▶ _TASK TO COMPLETE_
Your job is to retype all of the data word for word, leaving every image out.

▶ _DATA SEGMENT_
◆ ◆ ◆ ◆
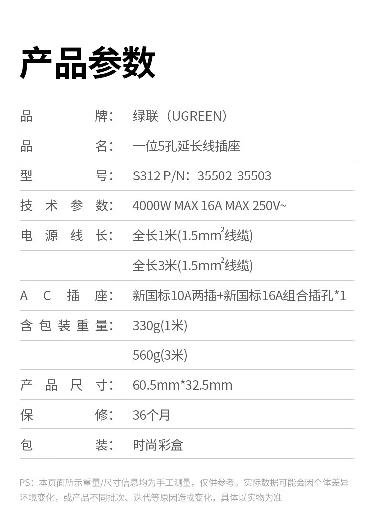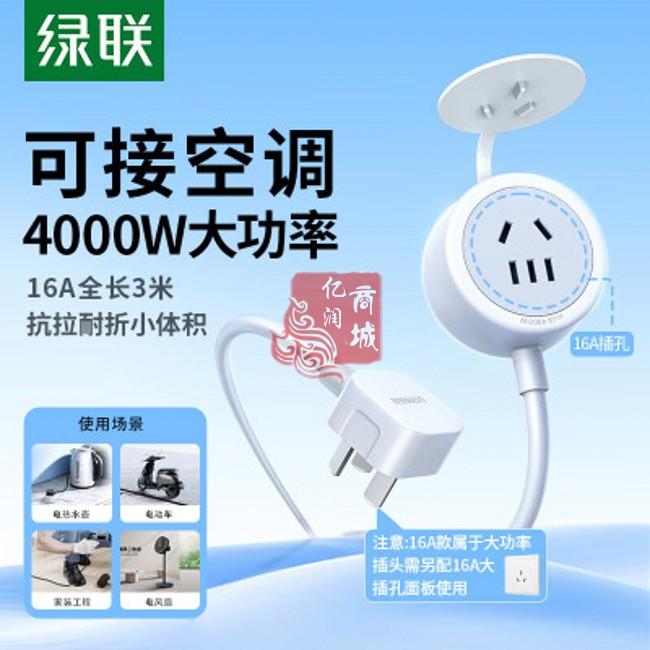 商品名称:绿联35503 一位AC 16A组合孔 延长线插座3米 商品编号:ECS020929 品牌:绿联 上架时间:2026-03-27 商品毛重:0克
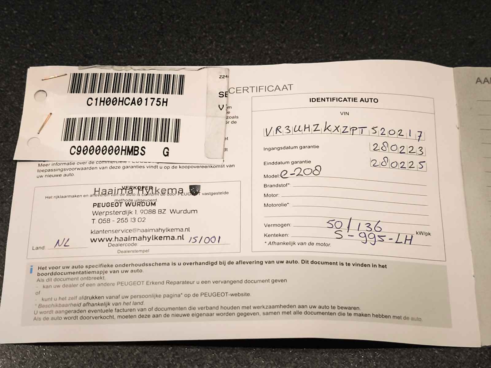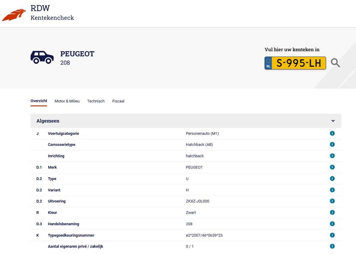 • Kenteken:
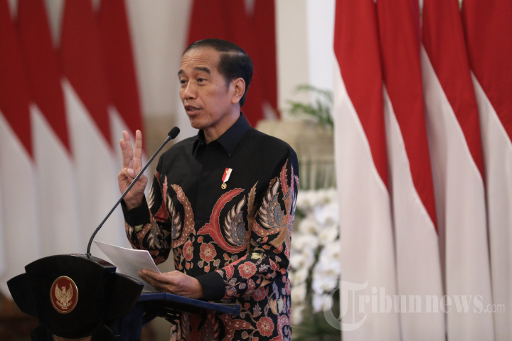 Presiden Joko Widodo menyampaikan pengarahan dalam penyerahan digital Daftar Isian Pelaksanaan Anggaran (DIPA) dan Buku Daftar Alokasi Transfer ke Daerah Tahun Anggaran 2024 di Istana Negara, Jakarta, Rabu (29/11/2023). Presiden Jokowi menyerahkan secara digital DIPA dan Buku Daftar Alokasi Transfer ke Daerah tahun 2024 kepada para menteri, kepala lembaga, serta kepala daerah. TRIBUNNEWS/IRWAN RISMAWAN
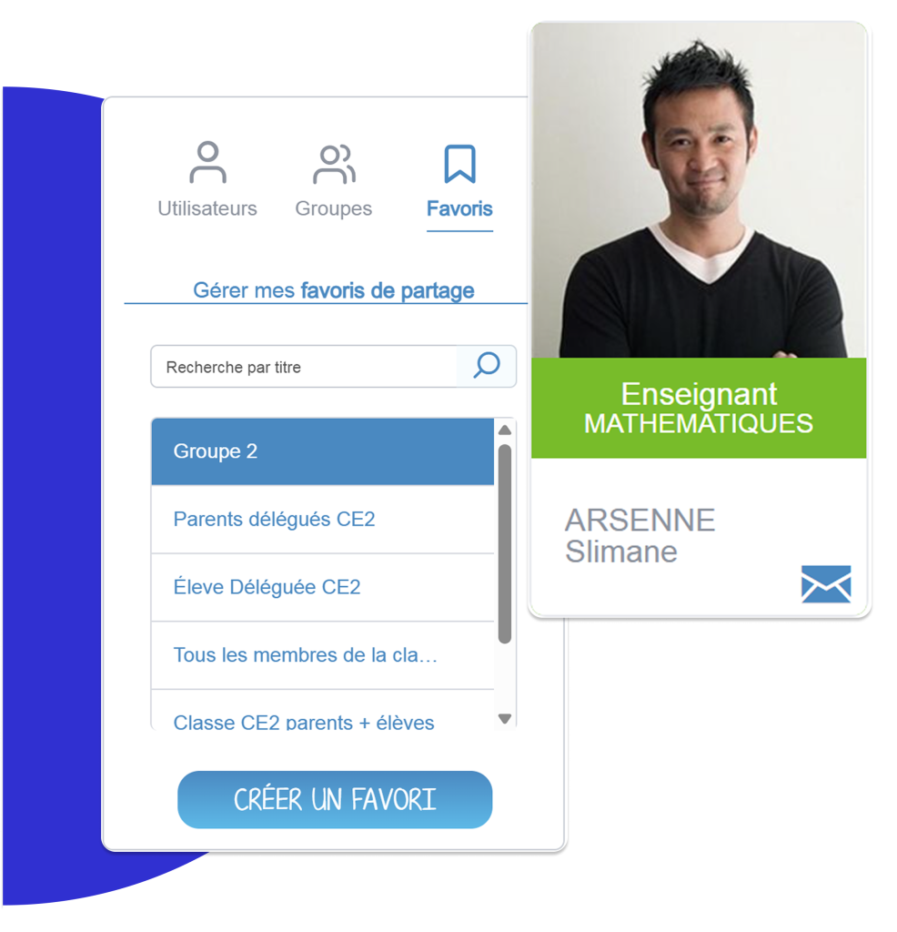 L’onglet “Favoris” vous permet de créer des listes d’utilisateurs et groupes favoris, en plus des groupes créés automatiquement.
◆ ◆ ◆ ◆
▶ _ANSWER TO THE PROBLEM_
 商品名称:绿联35503 一位AC 16A组合孔 延长线插座3米 商品编号:ECS020929 品牌:绿联 上架时间:2026-03-27 商品毛重:0克
 • Kenteken:
 Presiden Joko Widodo menyampaikan pengarahan dalam penyerahan digital Daftar Isian Pelaksanaan Anggaran (DIPA) dan Buku Daftar Alokasi Transfer ke Daerah Tahun Anggaran 2024 di Istana Negara, Jakarta, Rabu (29/11/2023). Presiden Jokowi menyerahkan secara digital DIPA dan Buku Daftar Alokasi Transfer ke Daerah tahun 2024 kepada para menteri, kepala lembaga, serta kepala daerah. TRIBUNNEWS/IRWAN RISMAWAN
 L’onglet “Favoris” vous permet de créer des listes d’utilisateurs et groupes favoris, en plus des groupes créés automatiquement.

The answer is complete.